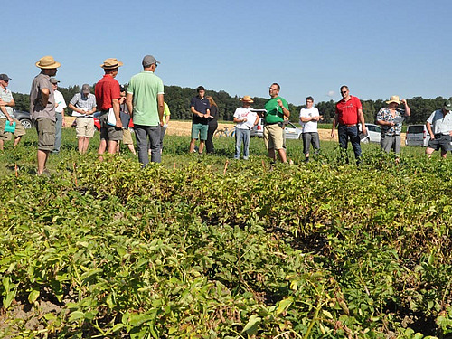 La semaine dernière a eu lieu une visite de culture dans le champ d'essais de l'entreprise agricole Rathgeb Bio à Unterstammheim (ZH). Des producteurs, des commerçants ainsi que des représentants d'Agroscope et du FiBL étaient présents.
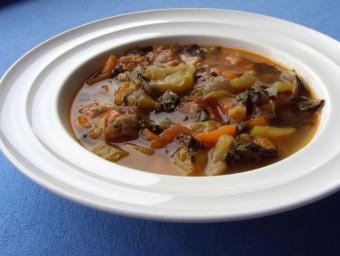 Včeraj zelenjavna enolončnica bi vrjetno kvalificirala za paleo (zdaj so vsi nori na to) in popečen česnov kruh (kruh, rahlo namazan z maslom, popečen nariban s česnom ter rahlo posipan s parmezanom.
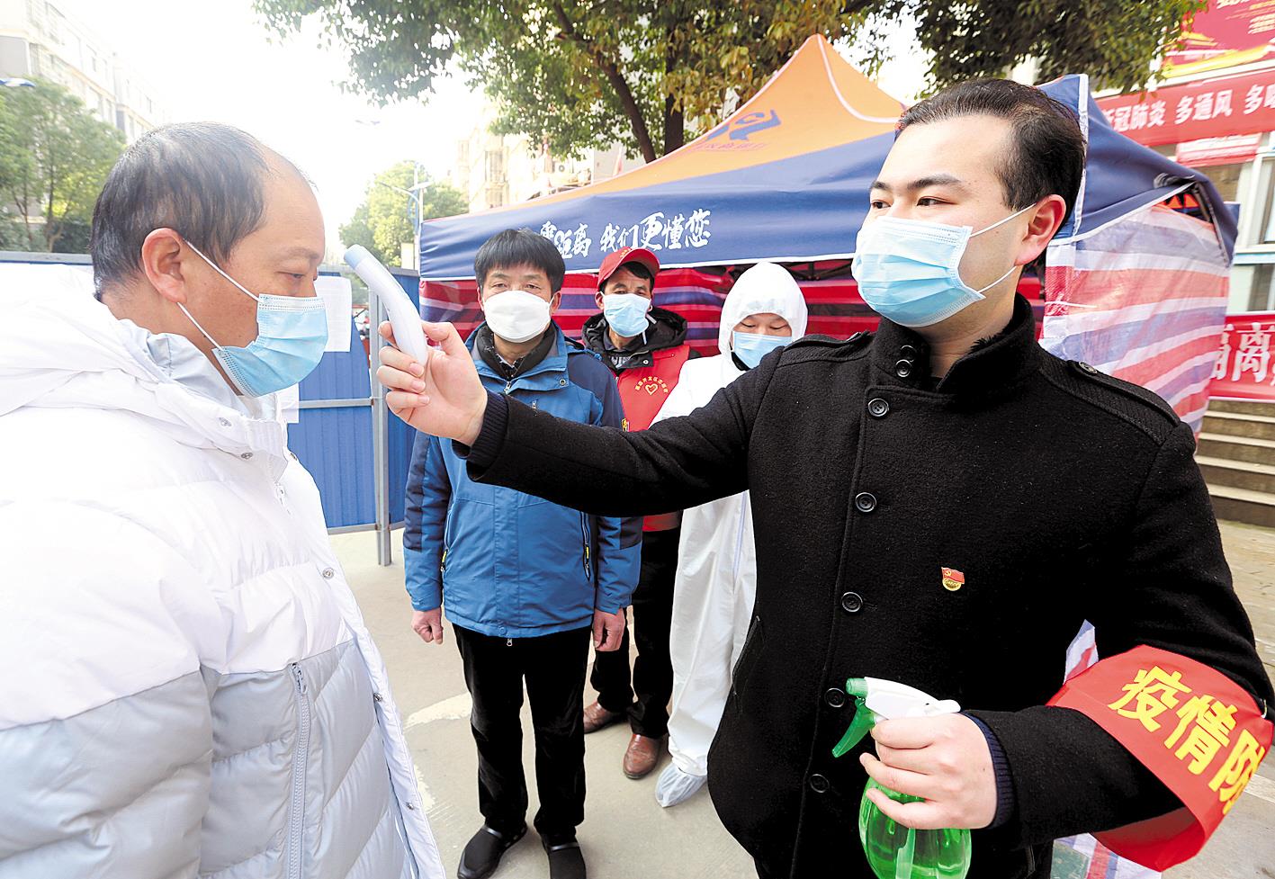 3月9日,鄂州市葛店开发区葛店镇党委委员、90后党员干部韩江雪(右一),在辖区大湾社区为外出人员测量体温。疫情期间,他一直值守在大湾社区疫情防控阻隔岗位,为群众代购、配送生活物资。
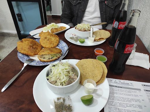 La Tradición es uno de mis restaurantes favoritos !!! y vaya que sí conozco muchos y de todo tipo, me encanta!! el lugar es super acogedor y extremadamente limpio (durante esta pandemia es el lugar donde mas segura me he sentido al comer y permanecer con mi esposo, su medidas de salud e higiene super establecidas y cuidan hasta el ultimo detalle, tanto así que las personas que no están acostumbradas les parece algo molesto o engorroso). El señor que prepara la comida te recibe siempre con una gran sonrisa y jamas toma el dinero aunque tu se lo des directamente, obviamente por higiene. Las personas que atienden las mesas son muy educadas y super amables. Sobre la comida Es la experiencia más exquisita que puede vivir tu paladar. He probado casi todo el menú y todo, absolutamente todo esta delicioso ademas que la calidad de los alimentos es completamente congruente a los costos, Mis platillos favoritos son las gorditas de chicharron con queso oaxaca (el queso oaxaca que manejan es de otro mundo, super fresco y delicioso tienen que probarlo!!, definitivamente no es del comercial): el pozole esta para chuparse los dedos!! mi esposo ama el guerrerense el Maíz es grande y no es del precocido ellos le dan una cocción completamente diferente, la porción que sirven es basta, sus tostadas son completamente artesanales, el aguacate es del mejor vale la pena su costo!!: mi bebida favorita es el agua de horchata es completamente natural y en ningún lugar he encontrado un agua de horchata tan rica como esa, tienes que probarla!!! y no puede faltar mi postre favorito el pay de queso con zarzamora se los...

- **DESCRIPTION OF THE TASK**
Return exactly the lines of the material above, starting at the line containing "Včeraj zelenjavna enolončnica" and finishing at the line containing "3月9日,鄂州市葛店开发区葛", without any pictures.

- **WRITTEN SOLUTION**
 Včeraj zelenjavna enolončnica bi vrjetno kvalificirala za paleo (zdaj so vsi nori na to) in popečen česnov kruh (kruh, rahlo namazan z maslom, popečen nariban s česnom ter rahlo posipan s parmezanom.
 3月9日,鄂州市葛店开发区葛店镇党委委员、90后党员干部韩江雪(右一),在辖区大湾社区为外出人员测量体温。疫情期间,他一直值守在大湾社区疫情防控阻隔岗位,为群众代购、配送生活物资。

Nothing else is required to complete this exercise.